## Dataset extract
++++++++
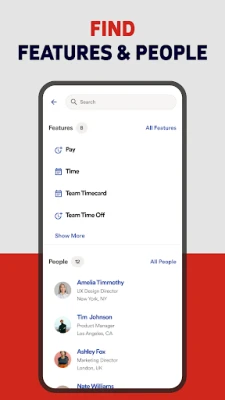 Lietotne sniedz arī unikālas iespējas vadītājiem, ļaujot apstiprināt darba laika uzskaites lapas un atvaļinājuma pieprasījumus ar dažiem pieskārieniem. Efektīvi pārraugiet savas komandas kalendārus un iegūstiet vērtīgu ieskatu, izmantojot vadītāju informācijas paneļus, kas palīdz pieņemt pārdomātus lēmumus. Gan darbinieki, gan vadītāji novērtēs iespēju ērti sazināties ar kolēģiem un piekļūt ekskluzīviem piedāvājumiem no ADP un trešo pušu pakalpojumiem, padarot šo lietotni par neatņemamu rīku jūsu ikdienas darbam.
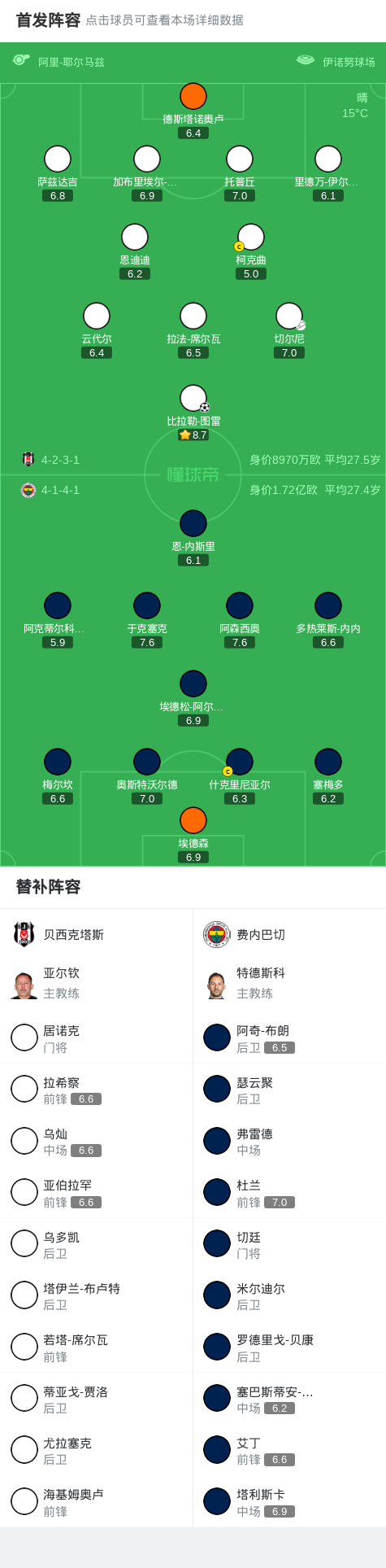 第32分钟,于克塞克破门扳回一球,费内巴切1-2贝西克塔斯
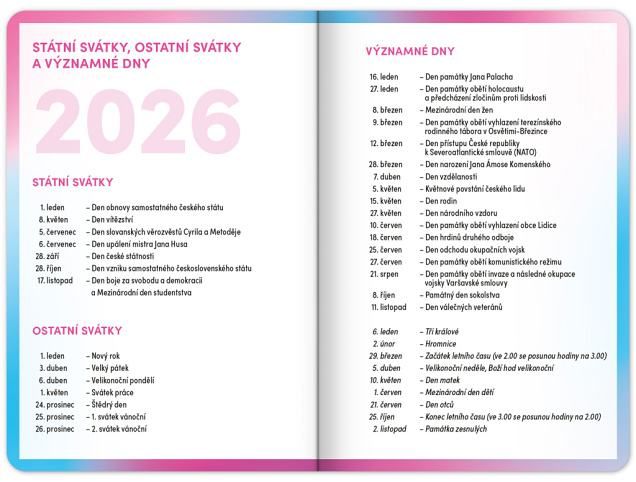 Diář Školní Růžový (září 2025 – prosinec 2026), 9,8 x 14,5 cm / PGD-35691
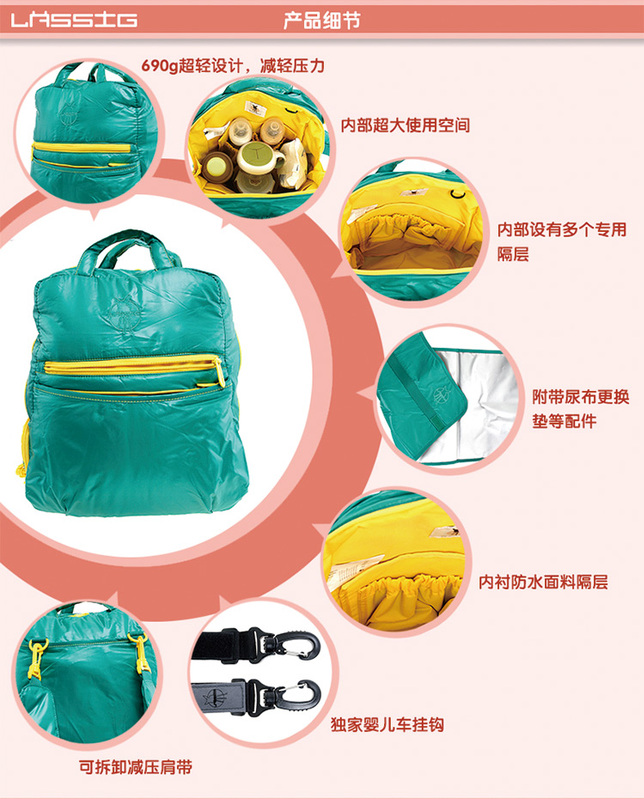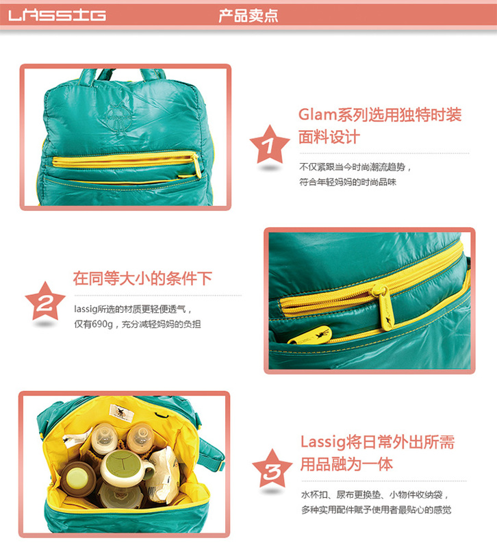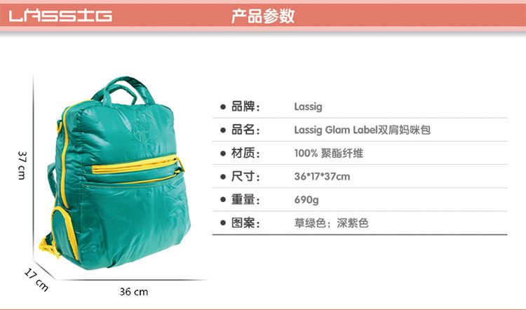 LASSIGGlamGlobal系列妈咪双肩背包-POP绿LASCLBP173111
++++++++
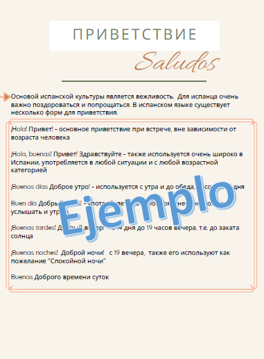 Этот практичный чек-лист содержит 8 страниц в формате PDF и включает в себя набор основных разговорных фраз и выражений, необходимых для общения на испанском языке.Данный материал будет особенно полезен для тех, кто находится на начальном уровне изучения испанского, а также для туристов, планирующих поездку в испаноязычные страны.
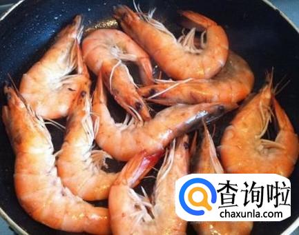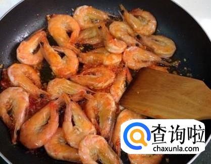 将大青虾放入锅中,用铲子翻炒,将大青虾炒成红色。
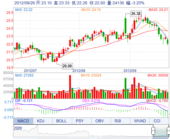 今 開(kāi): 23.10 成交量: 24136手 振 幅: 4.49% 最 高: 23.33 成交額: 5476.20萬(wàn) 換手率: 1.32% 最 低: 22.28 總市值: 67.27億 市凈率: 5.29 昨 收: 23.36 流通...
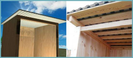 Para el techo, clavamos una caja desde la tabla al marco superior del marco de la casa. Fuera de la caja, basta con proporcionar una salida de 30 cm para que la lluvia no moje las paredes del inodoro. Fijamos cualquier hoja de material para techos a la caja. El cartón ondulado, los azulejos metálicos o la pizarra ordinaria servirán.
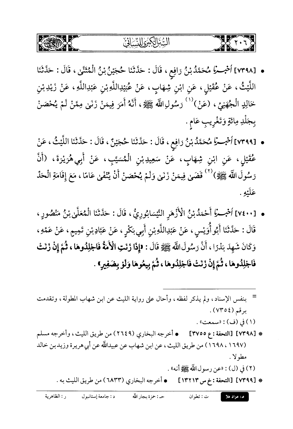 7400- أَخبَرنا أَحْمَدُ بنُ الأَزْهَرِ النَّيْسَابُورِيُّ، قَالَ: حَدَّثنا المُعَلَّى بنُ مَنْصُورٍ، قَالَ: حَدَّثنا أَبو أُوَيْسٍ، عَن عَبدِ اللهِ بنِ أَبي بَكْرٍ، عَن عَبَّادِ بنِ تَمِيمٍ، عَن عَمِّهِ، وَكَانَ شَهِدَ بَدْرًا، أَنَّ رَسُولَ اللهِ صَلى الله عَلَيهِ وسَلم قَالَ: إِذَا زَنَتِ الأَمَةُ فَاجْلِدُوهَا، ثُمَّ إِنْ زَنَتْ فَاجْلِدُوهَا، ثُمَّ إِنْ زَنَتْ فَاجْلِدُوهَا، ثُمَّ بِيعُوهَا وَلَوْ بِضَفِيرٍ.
++++++++
## Activity
Above are records; repeat only the lines from the line with "Para el techo, clavamos" through the line with "7400- أَخبَرنا أَحْمَدُ", and leave pictures out.

## Written response
 Para el techo, clavamos una caja desde la tabla al marco superior del marco de la casa. Fuera de la caja, basta con proporcionar una salida de 30 cm para que la lluvia no moje las paredes del inodoro. Fijamos cualquier hoja de material para techos a la caja. El cartón ondulado, los azulejos metálicos o la pizarra ordinaria servirán.
 7400- أَخبَرنا أَحْمَدُ بنُ الأَزْهَرِ النَّيْسَابُورِيُّ، قَالَ: حَدَّثنا المُعَلَّى بنُ مَنْصُورٍ، قَالَ: حَدَّثنا أَبو أُوَيْسٍ، عَن عَبدِ اللهِ بنِ أَبي بَكْرٍ، عَن عَبَّادِ بنِ تَمِيمٍ، عَن عَمِّهِ، وَكَانَ شَهِدَ بَدْرًا، أَنَّ رَسُولَ اللهِ صَلى الله عَلَيهِ وسَلم قَالَ: إِذَا زَنَتِ الأَمَةُ فَاجْلِدُوهَا، ثُمَّ إِنْ زَنَتْ فَاجْلِدُوهَا، ثُمَّ إِنْ زَنَتْ فَاجْلِدُوهَا، ثُمَّ بِيعُوهَا وَلَوْ بِضَفِيرٍ.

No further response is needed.